Last update:
2012-07-08
Editors:
Lorena Etcheverry (Instituto de Computación, Universidad de la República, Uruguay)
Alejandro A. Vaisman (Department of Computer & Decision Engineering (CoDE), Université Libre de Bruxelles, Belgium)
The Data Cube vocabulary (QB) is a proposal by the W3C Government Linked Data Working Group that allows to publish statistical data on the web using the RDF (Resource Description Framework) standard. The QB4OLAP vocabulary is an extension to the Data Cube vocabulary that allows to represent OLAP cubes in RDF, and also allows to implement OLAP operators (such as Roll-up, Slice, and Dice) as SPARQL queries directly on this RDF representation.
Status of this document
This is an editor's draft without any formal standing. It is not endorsed by any organization. Anything in this document is still subject to change at this point. The editors seek feedback on the document. Please send any comments to the project's Google Group.
Business intelligence (BI) comprises a collection of techniques used for extracting and analyzing business data, to support decision-making. As part of the BI machinery, On-Line Analytical Processing (OLAP) tools and algorithms allow querying large multidimensional databases called data warehouses (DW).
Since the mid 90's, DW and BI applications have been built to consolidate enterprise business data, allowing taking timely and informed decisions based on these data. The availability of enormous amounts of data from different domains is calling for a shift in the way DW and BI practices are being carried out. It is becoming clear that the traditional approach, where day-to-day business data produced in an organization is collected, cleansed and consolidated in a DW for data analysis, needs to be revised. We believe that the Semantic Web (SW) will most likely be an scenario where OLAP-style data analysis will be crucial in the near future.
Therefore, SW technologies will be needed to model, manipulate, and share multidimensional data. To achieve this, the definition of a precise vocabulary allowing representing adequately OLAP data on the SW is required. Over these vocabulary, multidimensional models and OLAP operators can be defined. The (W3C candidate) Data Cube vocabulary follows a model initially devised for analyzing statistical data, which does not cover all the needs of a vocabulary oriented to support BI analysis on the SW.
The present work is oriented to cover such need. Concretely, we propose the QB4OLAP vocabulary which adds to QB the capability of representing dimension levels, level members, rollup relations between levels and level members, and associating aggregate functions to measures. The QB4OLAP vocabulary is compatible with QB, in the sense that QB4OLAP cube schemas can be built on top of data cube instances (observations) already published using QB. Existing applications, or applications that do not require OLAP style-analysis, can still use the QB schema and instances. Therefore, the cost of adding OLAP capabilities to existing datasets is the cost of building the new schema, in other words, the cost of building the analysis dimensions. Conversely, cubes built over QB4OLAP from scratch can be transformed into QB cubes in order to be exploited by existing applications supporting the latter. As in the case above, the cube instances remain unchanged.

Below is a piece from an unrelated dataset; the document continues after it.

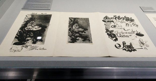 Ein meditierender Buddha sitzt in einem ornamentalen Wolkenwirbel. Auf die Tuschezeichnung des chinesischen Meisters Mu-Chi aus dem 13. Jahrhundert reagiert links eine freihändige Nachzeichnung, ein drittes Blatt rechts übersetzt die Form in ein Schriftbild. Mit diesem dreiteiligen Leporello aus der Bauhaus-Publikation "Utopia" wollte Johannes Itten seine Lehrmethoden in der ersten Bauhaus-Ausstellung außerhalb Deutschlands vorstellen. Sie fand 1922 an der Kunstschule Kala Bhavan statt, die der indische Dichter Rabindranath Tagore 1919, im selben Jahr wie das Bauhaus, 150 Kilometer nördlich von Kalkutta gegründet hatte.

Although QB can define the structure of a cube (via the Data Structure Definition), it does not provide a mechanism to represent an OLAP dimension structure (i.e., the dimension levels and the relationships between levels). However, QB allows representing hierarchical relationships between level members in the dimension instances, using the SKOS vocabulary.
Also, the QB vocabulary does not provide direct support for OLAP operations. In spite of this, OLAP operations can be defined over a structure based on QB, although in a limited way. For example, Roll-Up is not supported since dimension levels are not modeled, neither are the aggregate functions for each measure (the latter also prevents support for the Slice operator). The same issues apply to Drill-down. Finally, Dice is partially supported by QB, given that the FO formula σ can only involve cube measures (again, because of the lack of support of dimension levels) It is worth noting that Slices, as defined in QB, represent subsets of observations. Moreover, they are not defined as operators over an existing cube (as in OLAP), but as new structures and new instances (observations) that may be considered as the application of constraints over an existing dataset.
The QB4OLAP vocabulary proposes to extend QB in order to support the following concepts, defined in classic MD models for OLAP and not modeled in QB:
skos:broader property
In OLAP, data are organized as hypercubes whose axes are called dimensions. Each point in this multidimensional space is mapped into one or more spaces of measures, representing facts that are analyzed along the cube’s dimensions. Dimensions are structured in hierarchies that allow analysis at different aggregation levels. The actual values in a dimension level are called members, which can also have properties or attributes. Members in a dimension level must have a corresponding member in the upper level in the hierarchy, and this correspondence is defined through so-called rollup functions.
A well-known set of operations is defined over cubes. We present some of these operations next. They are based on the recently proposed Cube Algebra [CA].
Roll-Up summarizes data at a higher level in a dimension hierarchy. It receives a cube C , a dimension D ∈ C , a dimension level lu ∈ D such that ll →∗ lu , and a set of aggregate functions f , Roll-Up(C, D, lu, f) returns a new cube C′ where measures are aggregated along D up to the level lu. Analogously, Drill-Down disaggregates previously summarized data, and can be considered the inverse of Roll-Up. Note that this requires to store the aggregation path.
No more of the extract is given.